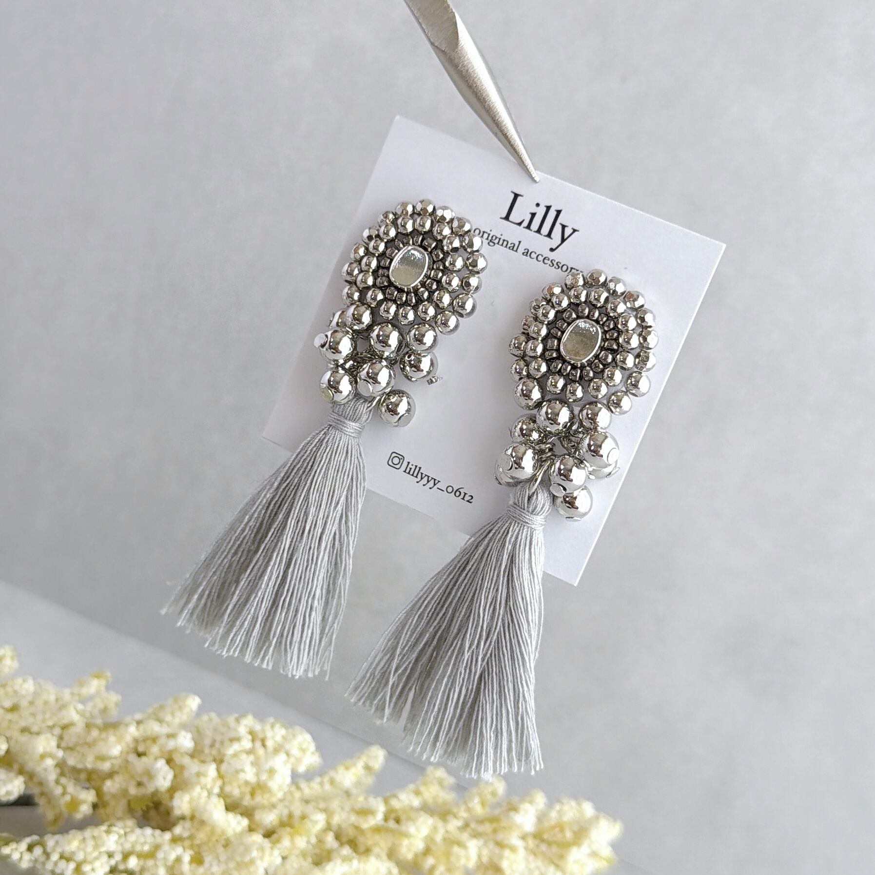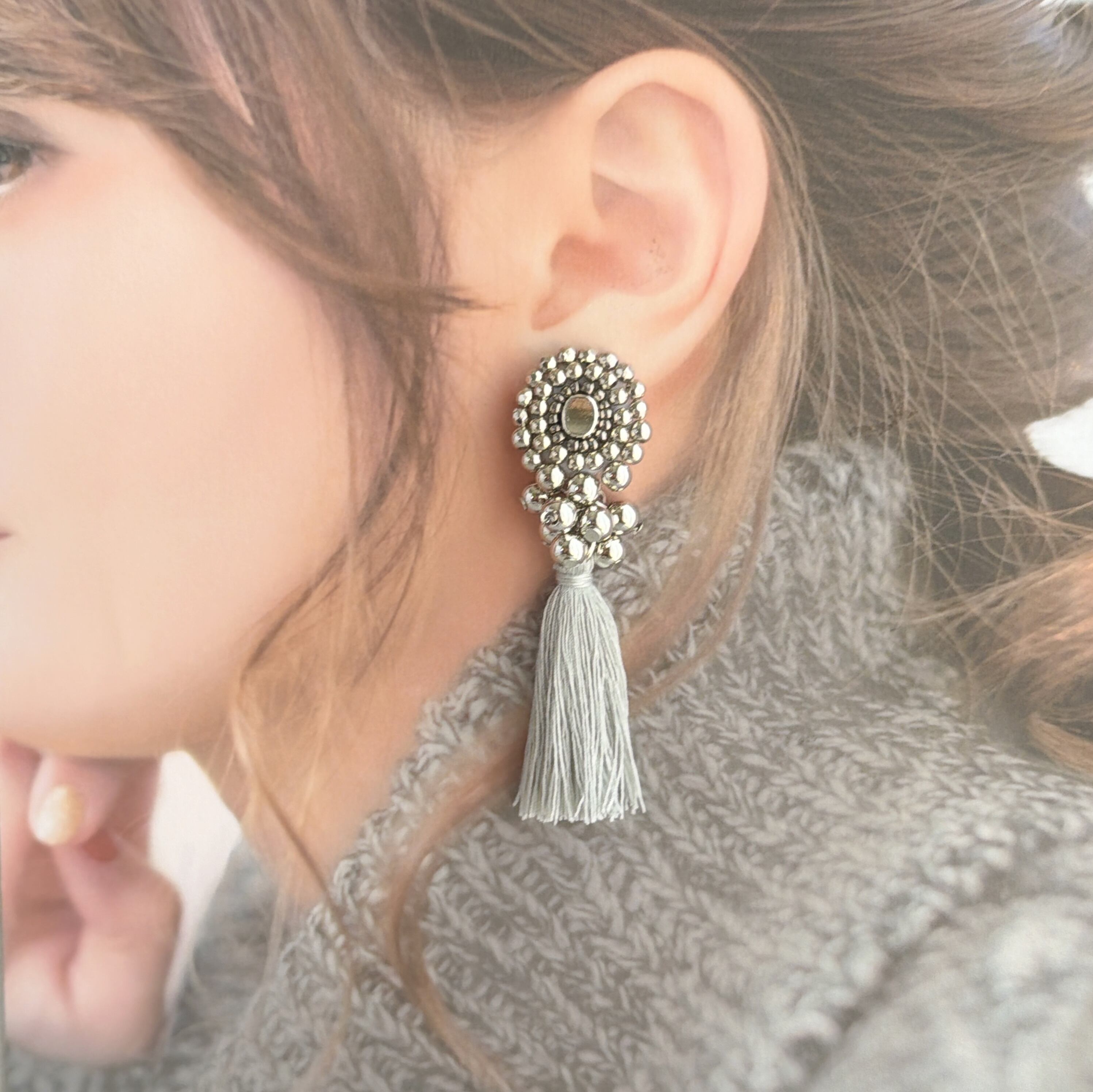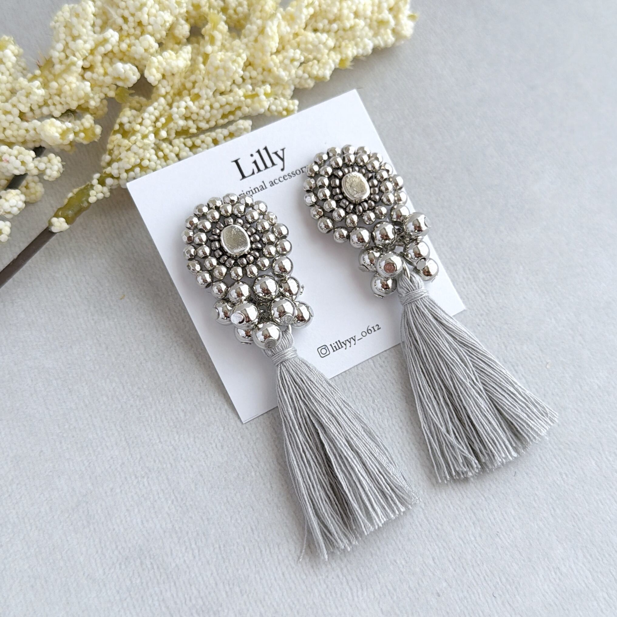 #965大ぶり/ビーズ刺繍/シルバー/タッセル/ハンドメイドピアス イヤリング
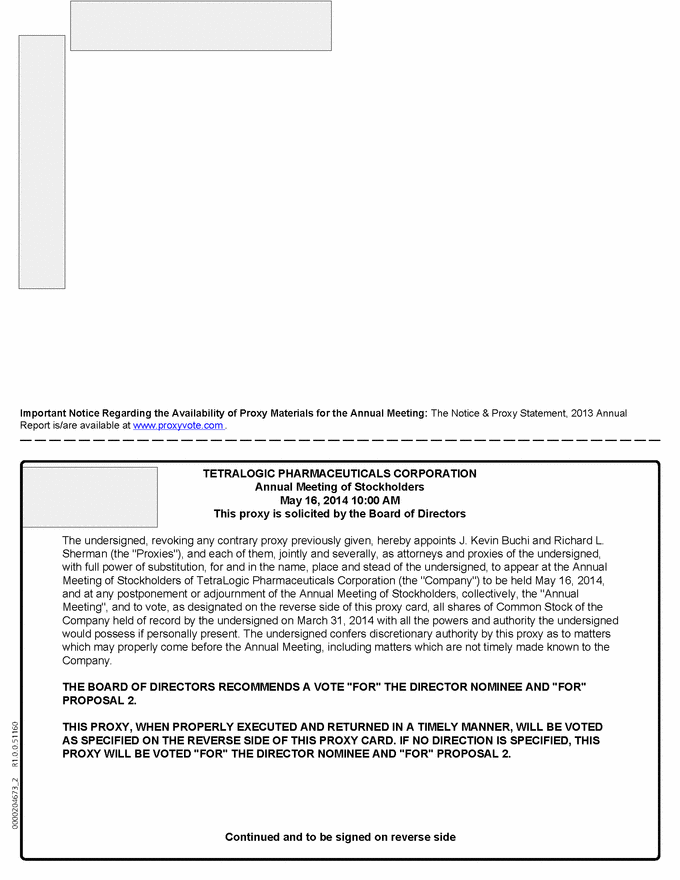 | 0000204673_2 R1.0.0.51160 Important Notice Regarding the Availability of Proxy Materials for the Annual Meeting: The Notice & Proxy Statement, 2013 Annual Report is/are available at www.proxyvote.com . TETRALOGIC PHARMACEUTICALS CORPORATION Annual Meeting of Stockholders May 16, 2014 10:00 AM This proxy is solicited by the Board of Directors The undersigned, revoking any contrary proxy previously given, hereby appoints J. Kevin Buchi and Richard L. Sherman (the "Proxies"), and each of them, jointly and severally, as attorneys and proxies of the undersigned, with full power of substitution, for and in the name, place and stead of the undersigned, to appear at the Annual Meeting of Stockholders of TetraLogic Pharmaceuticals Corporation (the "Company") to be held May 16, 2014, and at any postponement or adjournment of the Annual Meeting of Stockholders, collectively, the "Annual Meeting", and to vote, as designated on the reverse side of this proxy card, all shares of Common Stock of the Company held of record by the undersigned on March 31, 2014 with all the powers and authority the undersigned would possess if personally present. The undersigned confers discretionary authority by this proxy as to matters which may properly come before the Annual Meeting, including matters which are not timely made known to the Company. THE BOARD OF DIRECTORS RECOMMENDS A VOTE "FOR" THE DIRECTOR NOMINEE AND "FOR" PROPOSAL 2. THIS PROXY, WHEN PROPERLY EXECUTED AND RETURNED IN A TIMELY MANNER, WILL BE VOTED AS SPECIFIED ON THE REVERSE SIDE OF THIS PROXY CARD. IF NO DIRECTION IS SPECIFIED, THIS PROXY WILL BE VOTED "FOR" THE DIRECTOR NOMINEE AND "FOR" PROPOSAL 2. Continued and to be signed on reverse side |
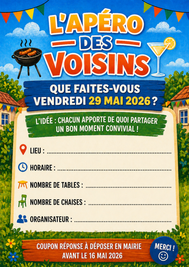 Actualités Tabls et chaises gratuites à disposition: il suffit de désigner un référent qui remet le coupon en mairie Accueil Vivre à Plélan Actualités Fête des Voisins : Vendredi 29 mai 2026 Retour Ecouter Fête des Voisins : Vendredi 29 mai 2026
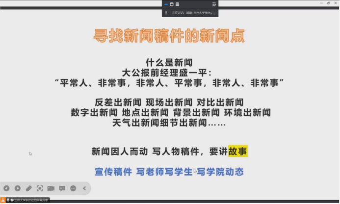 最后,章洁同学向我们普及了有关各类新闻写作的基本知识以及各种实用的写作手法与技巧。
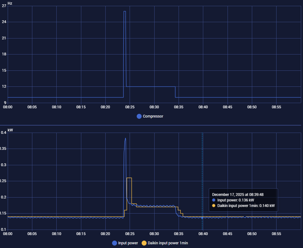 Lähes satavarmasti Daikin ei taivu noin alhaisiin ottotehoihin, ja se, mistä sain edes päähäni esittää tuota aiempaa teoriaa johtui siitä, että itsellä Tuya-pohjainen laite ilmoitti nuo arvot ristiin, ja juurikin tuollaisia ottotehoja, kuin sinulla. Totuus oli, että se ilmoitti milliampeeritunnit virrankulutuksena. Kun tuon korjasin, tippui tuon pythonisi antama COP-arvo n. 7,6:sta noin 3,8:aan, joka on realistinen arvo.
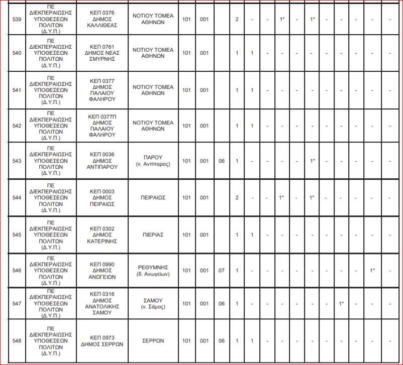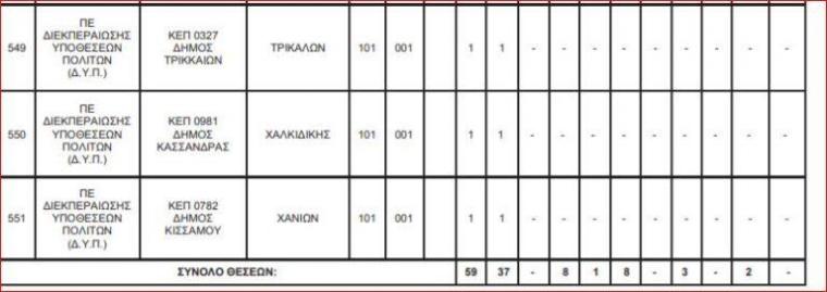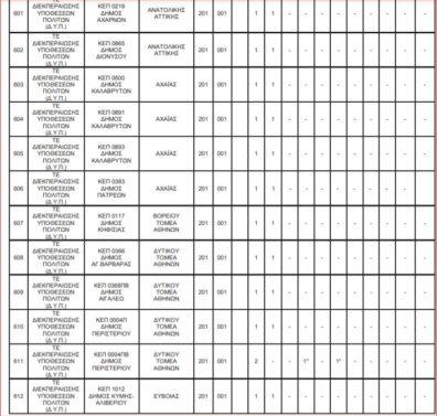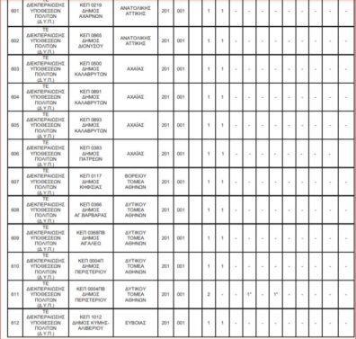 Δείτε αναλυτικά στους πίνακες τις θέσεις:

━━━━━━━━

→ EXERCISE
Return every line of the listing exactly, leaving its pictures behind.

→ OUTPUT OF THE TASK
 #965大ぶり/ビーズ刺繍/シルバー/タッセル/ハンドメイドピアス イヤリング
 | 0000204673_2 R1.0.0.51160 Important Notice Regarding the Availability of Proxy Materials for the Annual Meeting: The Notice & Proxy Statement, 2013 Annual Report is/are available at www.proxyvote.com . TETRALOGIC PHARMACEUTICALS CORPORATION Annual Meeting of Stockholders May 16, 2014 10:00 AM This proxy is solicited by the Board of Directors The undersigned, revoking any contrary proxy previously given, hereby appoints J. Kevin Buchi and Richard L. Sherman (the "Proxies"), and each of them, jointly and severally, as attorneys and proxies of the undersigned, with full power of substitution, for and in the name, place and stead of the undersigned, to appear at the Annual Meeting of Stockholders of TetraLogic Pharmaceuticals Corporation (the "Company") to be held May 16, 2014, and at any postponement or adjournment of the Annual Meeting of Stockholders, collectively, the "Annual Meeting", and to vote, as designated on the reverse side of this proxy card, all shares of Common Stock of the Company held of record by the undersigned on March 31, 2014 with all the powers and authority the undersigned would possess if personally present. The undersigned confers discretionary authority by this proxy as to matters which may properly come before the Annual Meeting, including matters which are not timely made known to the Company. THE BOARD OF DIRECTORS RECOMMENDS A VOTE "FOR" THE DIRECTOR NOMINEE AND "FOR" PROPOSAL 2. THIS PROXY, WHEN PROPERLY EXECUTED AND RETURNED IN A TIMELY MANNER, WILL BE VOTED AS SPECIFIED ON THE REVERSE SIDE OF THIS PROXY CARD. IF NO DIRECTION IS SPECIFIED, THIS PROXY WILL BE VOTED "FOR" THE DIRECTOR NOMINEE AND "FOR" PROPOSAL 2. Continued and to be signed on reverse side |
 Actualités Tabls et chaises gratuites à disposition: il suffit de désigner un référent qui remet le coupon en mairie Accueil Vivre à Plélan Actualités Fête des Voisins : Vendredi 29 mai 2026 Retour Ecouter Fête des Voisins : Vendredi 29 mai 2026
 最后,章洁同学向我们普及了有关各类新闻写作的基本知识以及各种实用的写作手法与技巧。
 Lähes satavarmasti Daikin ei taivu noin alhaisiin ottotehoihin, ja se, mistä sain edes päähäni esittää tuota aiempaa teoriaa johtui siitä, että itsellä Tuya-pohjainen laite ilmoitti nuo arvot ristiin, ja juurikin tuollaisia ottotehoja, kuin sinulla. Totuus oli, että se ilmoitti milliampeeritunnit virrankulutuksena. Kun tuon korjasin, tippui tuon pythonisi antama COP-arvo n. 7,6:sta noin 3,8:aan, joka on realistinen arvo.
 Δείτε αναλυτικά στους πίνακες τις θέσεις:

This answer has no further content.